A story of friendship through the years, to be enjoyed slowly and with great care
With its large cast of characters and charting of intergenerational trials and tribulations, the revelation of tragedies hidden in a family’s past and estrangements between kin, Philip Hensher’s majestic tenth novel, The Friendly One, is reminiscent of an engrossing yet challenging Victorian classic.
It’s the story of two families, neighbours on a leafy, up-market, middle-class street in early 1990s Sheffield. On one side of the garden fence is the soon-tobe-widowed Hilary Spinster, a retired GP whose four children have already left home; while on the other is Sharif — a professor of engineering at the university — his wife, Nazia, their twin boys, and, on this particular sunny day, their older daughter, Aisha.

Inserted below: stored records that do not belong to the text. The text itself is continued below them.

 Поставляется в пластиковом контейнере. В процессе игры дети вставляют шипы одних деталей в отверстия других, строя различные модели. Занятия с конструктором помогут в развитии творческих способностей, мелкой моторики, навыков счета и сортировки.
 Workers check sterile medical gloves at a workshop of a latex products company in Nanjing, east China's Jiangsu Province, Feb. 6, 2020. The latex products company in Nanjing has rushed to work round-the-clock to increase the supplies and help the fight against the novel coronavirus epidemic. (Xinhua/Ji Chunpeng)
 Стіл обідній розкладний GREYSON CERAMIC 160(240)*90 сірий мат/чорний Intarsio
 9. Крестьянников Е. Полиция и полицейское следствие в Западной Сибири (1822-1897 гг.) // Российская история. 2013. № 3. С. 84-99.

A freak accident brings an abrupt end to the day, but Hilary’s quick-thinking, as he vaults the garden fence to offer his assistance, cements a friendship between the two families that will last for the next three decades.

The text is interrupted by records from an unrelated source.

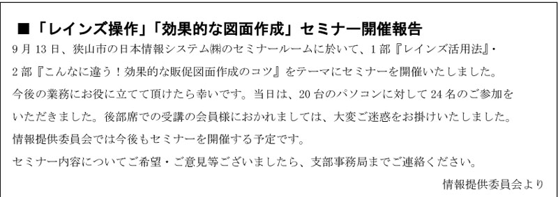 ※ご意見・ご希望等ございましたら 彩西支部事務局(柴田・山下)までご連絡ください。 Tel 04-2969-6060 Fax 04-2969-6075 (受付時間 月・火・木・金曜日 午前10時〜午後4時)
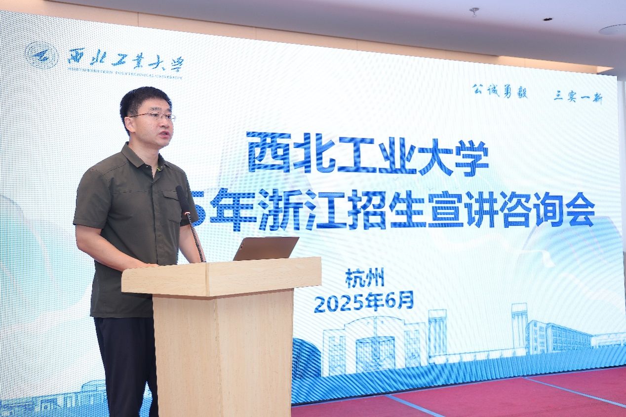 杨益新在致辞中对前来参会考生和家长表示热烈欢迎。他回顾了西工大与浙江省的深厚渊源,高度肯定了浙江省生源质量,表示西工大秉承总师育人文化,将提供最优质的教育资源和培养体系,助力学子成长为“专业精、系统强、能担当”的栋梁之才。他诚挚欢迎浙江学子报考西工大,在“总师摇篮”实现人生理想。
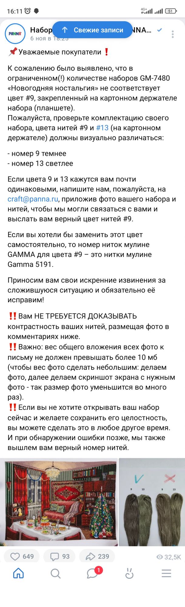 11 ноября Панна заявила что в новом наборе Новогодняя ностальгия произошла путаница в нитках с номерами 9 и 13 lunamitara, relax_cross_stitch, Маса и 5 других сказали спасибо Поделиться сообщением Ссылка на сообщение
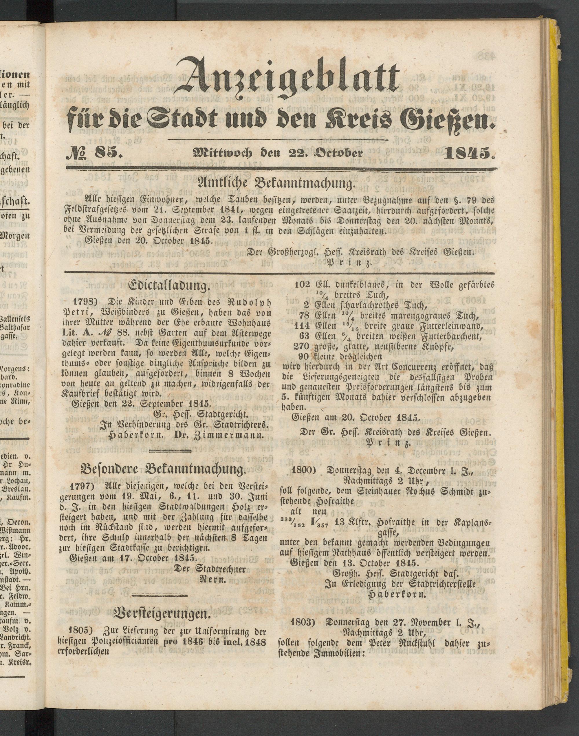 Anzeigeblatt für die Provinzialhauptstadt Gießen. 1840-1867
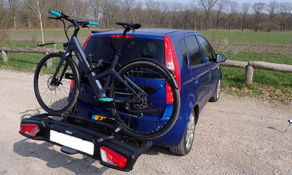 Wij hebben hier geen last van want meestal zijn we maar met zijn 2 of rijden we solo op de bestemming af. De bike die vandaag achterop staat is toevallig net zo zwaar als de fietsendrager. Ook net onder de 19 kg. Voor de zwaar uitgebouwde Thule is dat natuurlijk een eitje. Maar ook voor 2 zware elektrische trekkingfietsen draait de drager zijn hand niet om.
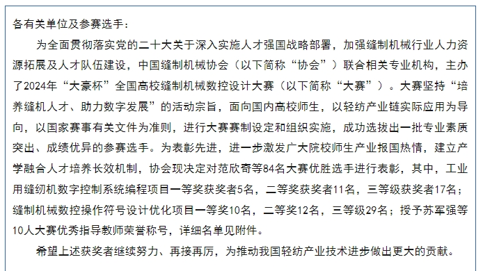 【企业新闻】中国缝制机械协会对2024年“大豪杯”全国高校缝制机械数控设计大赛优胜选手及指导教师进行表彰

The Friendly Ones is not a novel to be rattled quickly through. It’s a story that demands a degree of care and attention from the reader — not least so as to be rewarded for one’s effort with the full appreciation of the minutiae that make this novel more than the sum of its parts.
Initially, Hensher turns his attention to the Spinsters, a family riven with dissatisfaction and disappointments.

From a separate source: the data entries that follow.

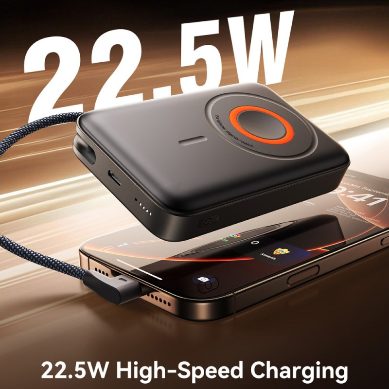 Conçue pour offrir une solution d'alimentation intégrée et sécurisée, cette Batterie Externe JOYROOM 3-en-1 redéfinit la commodité en déplacement. Avec sa capacité de 10000mAh, elle assure près de deux recharges complètes pour les modèles phares. Elle délivre une puissance de charge super rapide de 22.5W, que ce soit via son port Type-C ou son câble intégré, et supporte la charge sans fil 15W. Sa fixation magnétique de 13N garantit une connexion stable. Le support anneau rotatif à 360° facilite le transport et le visionnage mains libres. Ce modèle intègre 9 couches de protection et est conforme aux exigences de l'aviation pour un transport sécurisé.
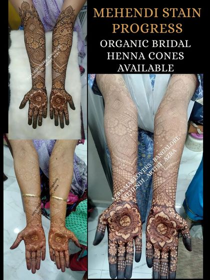 I make my own henna paste using fresh, organic henna powder to ensure a deep, dark, and long-lasting stain. I will also provide you with detailed aftercare instructions to get the best possible color from your mehendi.
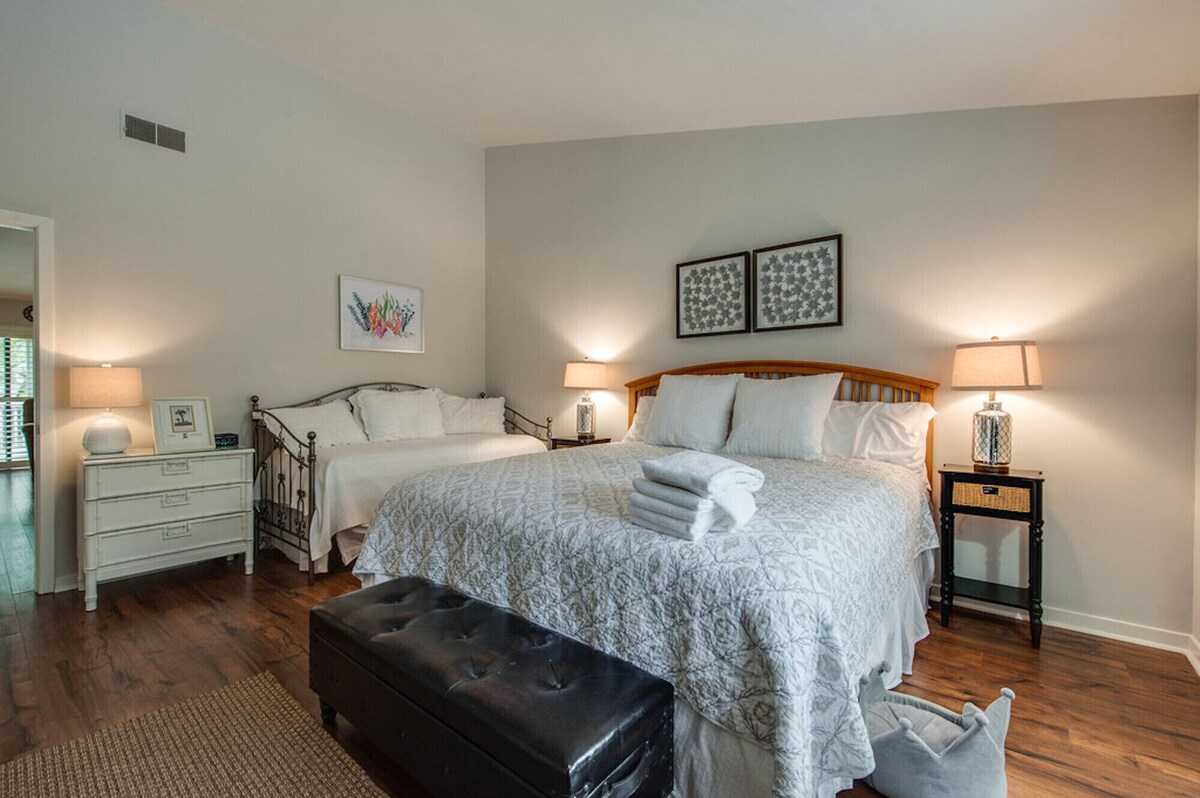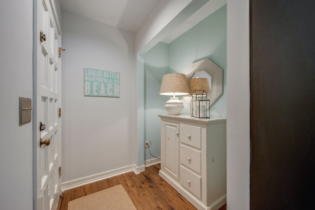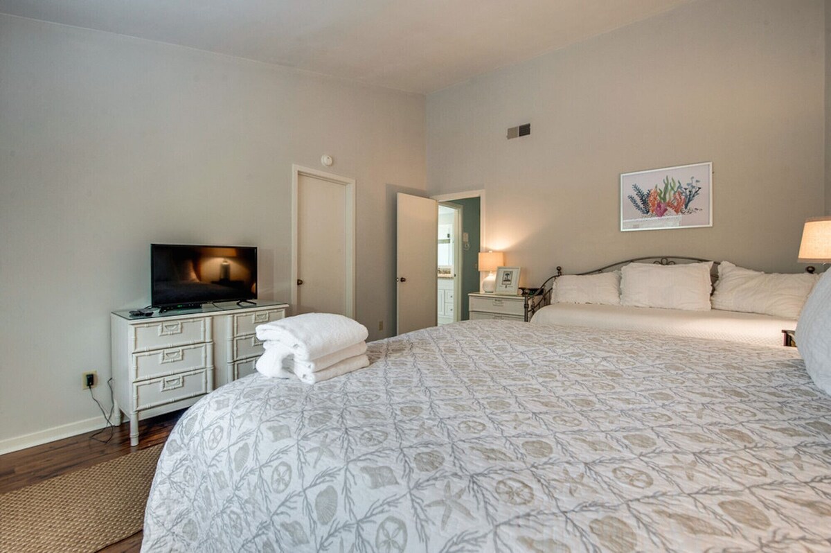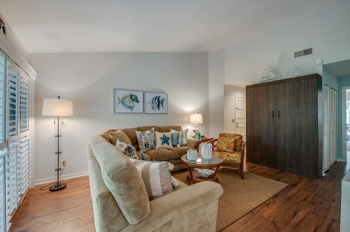 *Additional discounts available for Jan 10-Feb14. Please message owner for more details!* You'll love this beautifully renovated villa for your beach vacation. The private end-unit packs a ton of wow factor into a small footprint. Conveniently located next to Sea Pines Center and pets are welcome. Set on the second floor of the desirable Lighthouse Tennis complex, offering exclusive access to a pool and four tennis courts, this villa welcomes you in with a living space flanked by a lush wall of plantation shutters that lead up to tall angled ceilings. Those shutters pull back in dramatic fashion to reveal sliding glass doors out to a patio with golf course and wooded views, seating for four around a wrought iron table, electric grill, and bird feeder. Inside, the living space is an oasis of relaxation. A comfortable sectional sits oriented around a large flat-screen TV. You can even utilize the queen sized murphy bed on the wall for extra guests or children. The flooring emulates the look and feel of hand-scraped hardwood, and runs throughout the living room and dining room. Here, seating for six can be found around a dining table wrapped in a panorama of windows with peek-a-boo views of the 2nd hole at Harbour Town Golf Links. The kitchen houses every amenity for entertaining or creating the gourmet experience on vacation. Speckled granite countertops weave around a stainless steel Whirlpool glass flat-top range with range hood, refrigerator, quiet dishwasher, and convenient washer and dryer. A spacious bedroom and bright bathroom are at the front of the property. The bathroom’s tile flooring and wide granite vanity provide an elegant appeal to the room, but the real showpiece is the wall-to-wall glass-door walk-in shower. Set in white tiles with mocha accent tiles set in an eye-catching ribbon, this shower is made all the more spacious by the skylights above it which open it to the treetops. The bedroom provides a comforting oasis through a king-size bed set in a nautical pattern, plus a twin sized trundle in resplendent white linens and a flat-screen TV. A desk facing a bank of windows, soaring ceilings, and a large walk-in closet round out the amenities in this space. * BLACK OUT DATES APPLY. MINIMUM 4 NIGHT STAY APPLIES. FURTHER DISCOUNTS NEGOTIABLE FOR 2 WEEK STAY + FOR SNOWBIRDS!!! MESSAGE FOR DETAILS. Our prices include all fees. No hidden fees.

So, too, Nazia and Sharif’s clan are carrying their own trauma, Hensher later transporting us back to Bangladesh in 1971, a country fractured by the war of independence — the ‘friendly ones’ of the title a reference both to the cordial relations formed over a Sheffield garden fence and the name of the network of collaborators working with the Pakistani authorities during the war.
Notably, the Bangladesh-set scenes are no less fully realised than those in Britain.
This is due, in part, no doubt, to the fact that it’s a landscape Hensher’s already familiar with, having set his prize-winning 2012 novel Scenes From Early Life in 1970s Dhaka.
But it’s also evidence of the impressive evenhandedness he takes when it comes to the two strands of his story — no mean feat in a novel of this length and weight.